--- Work request ---
In the material below, the lines from the one containing "aiming points. |" through the one containing "Falownik OMNIGENA ‑" are to be given again exactly, ends included, and no others.

--- Data provided ---
== Segment start ==

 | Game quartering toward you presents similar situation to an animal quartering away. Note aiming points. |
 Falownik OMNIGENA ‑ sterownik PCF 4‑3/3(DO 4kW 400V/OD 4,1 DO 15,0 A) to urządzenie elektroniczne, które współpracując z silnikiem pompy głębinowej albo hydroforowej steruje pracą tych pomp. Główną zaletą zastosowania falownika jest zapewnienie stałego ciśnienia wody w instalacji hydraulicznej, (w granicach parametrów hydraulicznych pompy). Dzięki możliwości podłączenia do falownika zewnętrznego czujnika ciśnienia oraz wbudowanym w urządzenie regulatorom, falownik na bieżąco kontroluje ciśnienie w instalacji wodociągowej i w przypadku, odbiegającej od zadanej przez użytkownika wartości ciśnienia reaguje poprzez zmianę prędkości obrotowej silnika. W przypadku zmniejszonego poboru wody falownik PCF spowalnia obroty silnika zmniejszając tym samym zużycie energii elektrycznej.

== Segment end ==
== Segment start ==

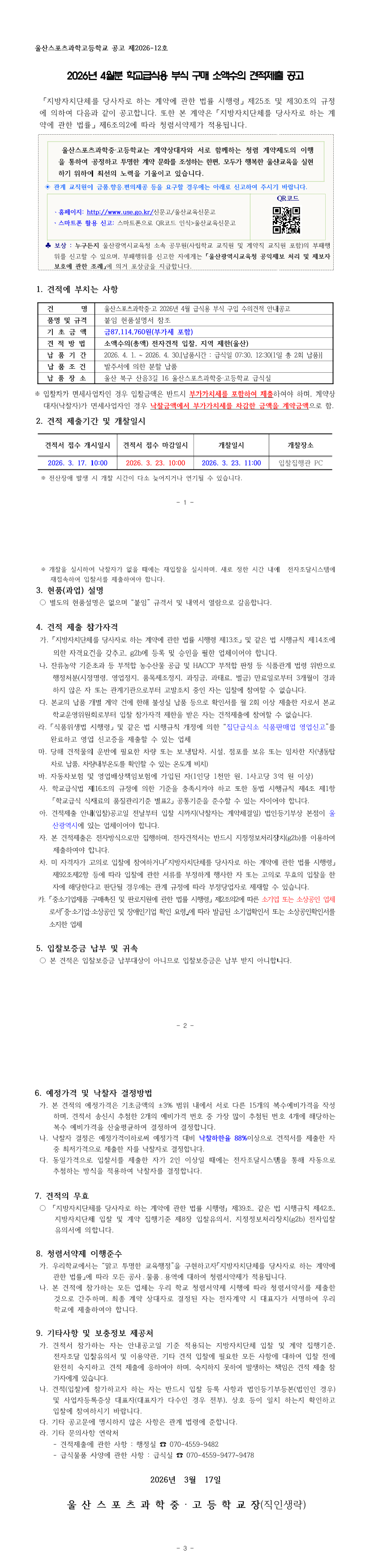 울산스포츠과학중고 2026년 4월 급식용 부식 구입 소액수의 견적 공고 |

== Segment end ==

--- Exercise response ---
 | Game quartering toward you presents similar situation to an animal quartering away. Note aiming points. |
 Falownik OMNIGENA ‑ sterownik PCF 4‑3/3(DO 4kW 400V/OD 4,1 DO 15,0 A) to urządzenie elektroniczne, które współpracując z silnikiem pompy głębinowej albo hydroforowej steruje pracą tych pomp. Główną zaletą zastosowania falownika jest zapewnienie stałego ciśnienia wody w instalacji hydraulicznej, (w granicach parametrów hydraulicznych pompy). Dzięki możliwości podłączenia do falownika zewnętrznego czujnika ciśnienia oraz wbudowanym w urządzenie regulatorom, falownik na bieżąco kontroluje ciśnienie w instalacji wodociągowej i w przypadku, odbiegającej od zadanej przez użytkownika wartości ciśnienia reaguje poprzez zmianę prędkości obrotowej silnika. W przypadku zmniejszonego poboru wody falownik PCF spowalnia obroty silnika zmniejszając tym samym zużycie energii elektrycznej.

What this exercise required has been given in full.